- WORK ITEM:
Send back the records exactly as written, with no images.
========
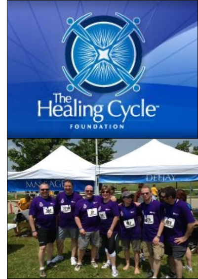
Healing Cycle Ride June 22 nd 2014
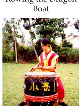
Figure 19. Position 4 Rowing the Dragon Boat
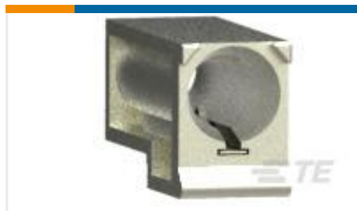
TE Part #1-1469492-1 MULTIGIG RT 9MM GUIDE/ESD 0 DEG
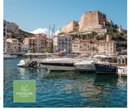
Twin centres combining a stay on each island can be arranged.

The online flip books are full of destination, accommodation, and travel information, along with holiday recommendations for certain types of customers. The tour operators' phone numbers and websites are not shown so that agents can happily forward brochures to their customers.
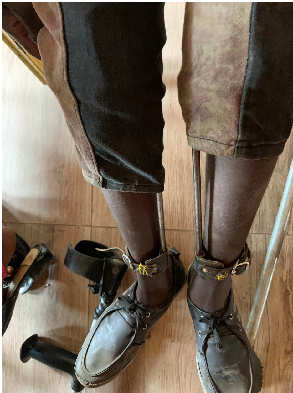
John Doe 11

38. Jane Doe 3 is the mother of James Doe 3, her child who was killed in a mining accident on April 26, 2018, when he was 14 years old. She brings the claim to recover for the death of her son. James Doe 3 was born on July 2, 2004 and finished
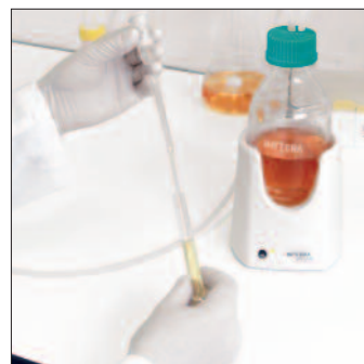
Supernatant removal to harvest bacteria
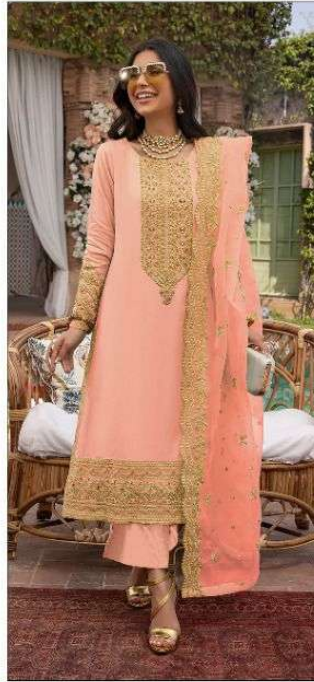
S - 88 B
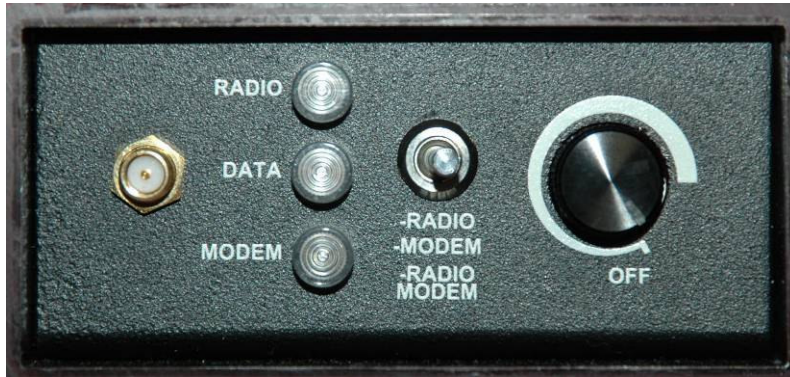
Front Face – Antenna port, Status and Controls
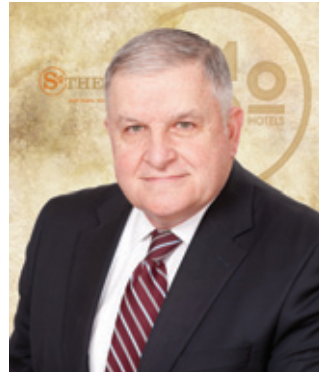
Gen. Anthony C. Zinni (USMC Retired) Director
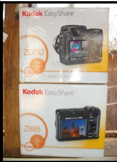
two great cameras
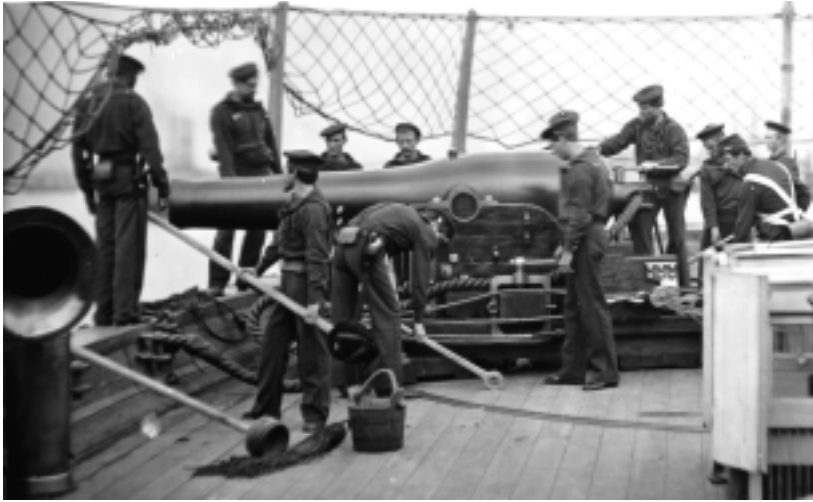
Crew working the gun on a Civil War Navy gunboat. (111-B-486)

ment data, and a summary of service. The series is arranged chronologically.
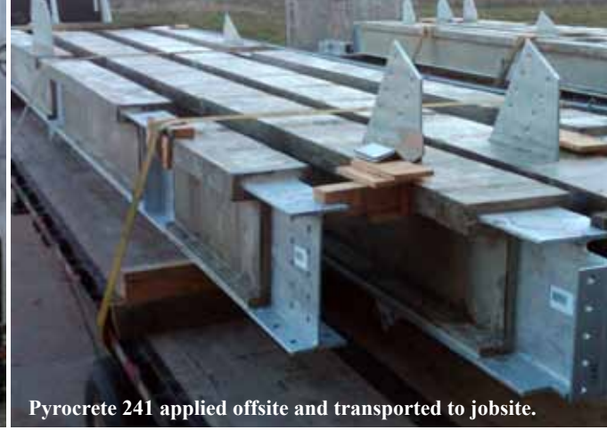
Pyrocrete 241 applied offsite and transported to jobsite.
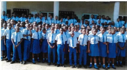
Senior Students of African Christian Secondary School, Usung Atiat
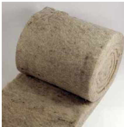
Black Mountain Insulation in a roll
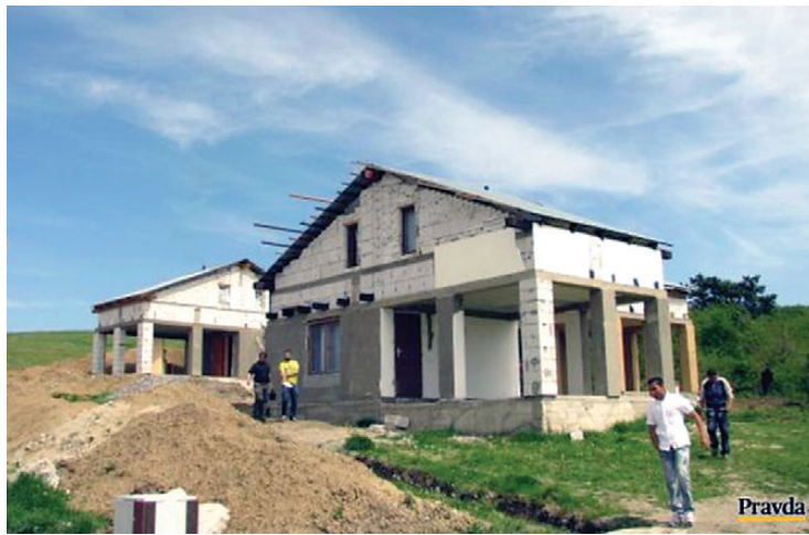
We partnered with a project building homes in Rankovce this past year.
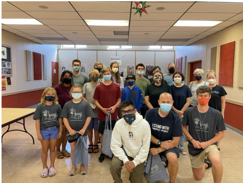
St. Pat's youth group preparing for Agape Project next month

"Lord, never let us lose our focus to carry out your mission."
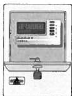
As a tamper-proof cover for electronic input devices
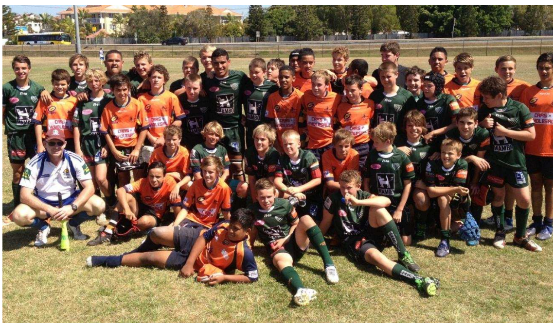
Randwick u13 vs Gold Coast 2012 tour

“The Lennox Heads Trojans. Won their fifth consecutive Far North Coast Rugby First Grade Grand Final last Saturday. Not to be outdone, the Junior Trojans had earlier won the under 12s, 13s, 14s and 15s Competitions. The town has no bank, no police station, but by Gawd they have a rugby club.”
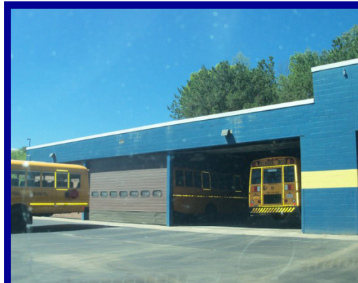
The bus garage will be restored as well as receive drainage upgrades, HVAC and fire alarm upgrades and overhead door replacement.
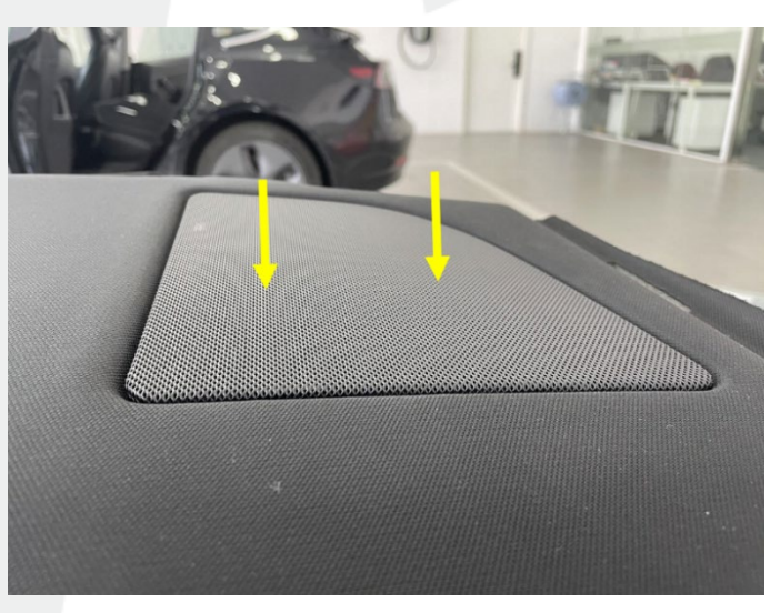
Figure 6- LH Parcel Shelf Speaker Grille

4. Install the package tray trim. (refer to Service Manual procedure <u>15243002</u>).
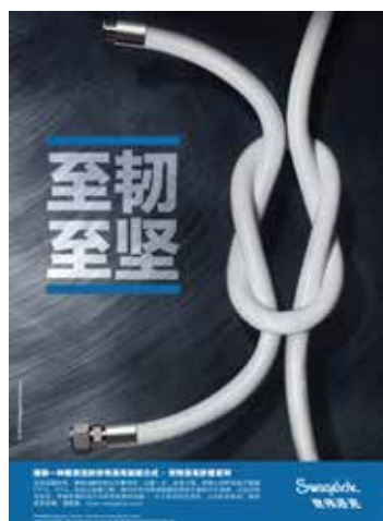
封底 Back Cover
========
- TASK RESPONSE:
Healing Cycle Ride June 22 nd 2014
Figure 19. Position 4 Rowing the Dragon Boat
TE Part #1-1469492-1 MULTIGIG RT 9MM GUIDE/ESD 0 DEG
Twin centres combining a stay on each island can be arranged.

The online flip books are full of destination, accommodation, and travel information, along with holiday recommendations for certain types of customers. The tour operators' phone numbers and websites are not shown so that agents can happily forward brochures to their customers.
John Doe 11

38. Jane Doe 3 is the mother of James Doe 3, her child who was killed in a mining accident on April 26, 2018, when he was 14 years old. She brings the claim to recover for the death of her son. James Doe 3 was born on July 2, 2004 and finished
Supernatant removal to harvest bacteria
S - 88 B
Front Face – Antenna port, Status and Controls
Gen. Anthony C. Zinni (USMC Retired) Director
two great cameras
Crew working the gun on a Civil War Navy gunboat. (111-B-486)

ment data, and a summary of service. The series is arranged chronologically.
Pyrocrete 241 applied offsite and transported to jobsite.
Senior Students of African Christian Secondary School, Usung Atiat
Black Mountain Insulation in a roll
We partnered with a project building homes in Rankovce this past year.
St. Pat's youth group preparing for Agape Project next month

"Lord, never let us lose our focus to carry out your mission."
As a tamper-proof cover for electronic input devices
Randwick u13 vs Gold Coast 2012 tour

“The Lennox Heads Trojans. Won their fifth consecutive Far North Coast Rugby First Grade Grand Final last Saturday. Not to be outdone, the Junior Trojans had earlier won the under 12s, 13s, 14s and 15s Competitions. The town has no bank, no police station, but by Gawd they have a rugby club.”
The bus garage will be restored as well as receive drainage upgrades, HVAC and fire alarm upgrades and overhead door replacement.
Figure 6- LH Parcel Shelf Speaker Grille

4. Install the package tray trim. (refer to Service Manual procedure <u>15243002</u>).
封底 Back Cover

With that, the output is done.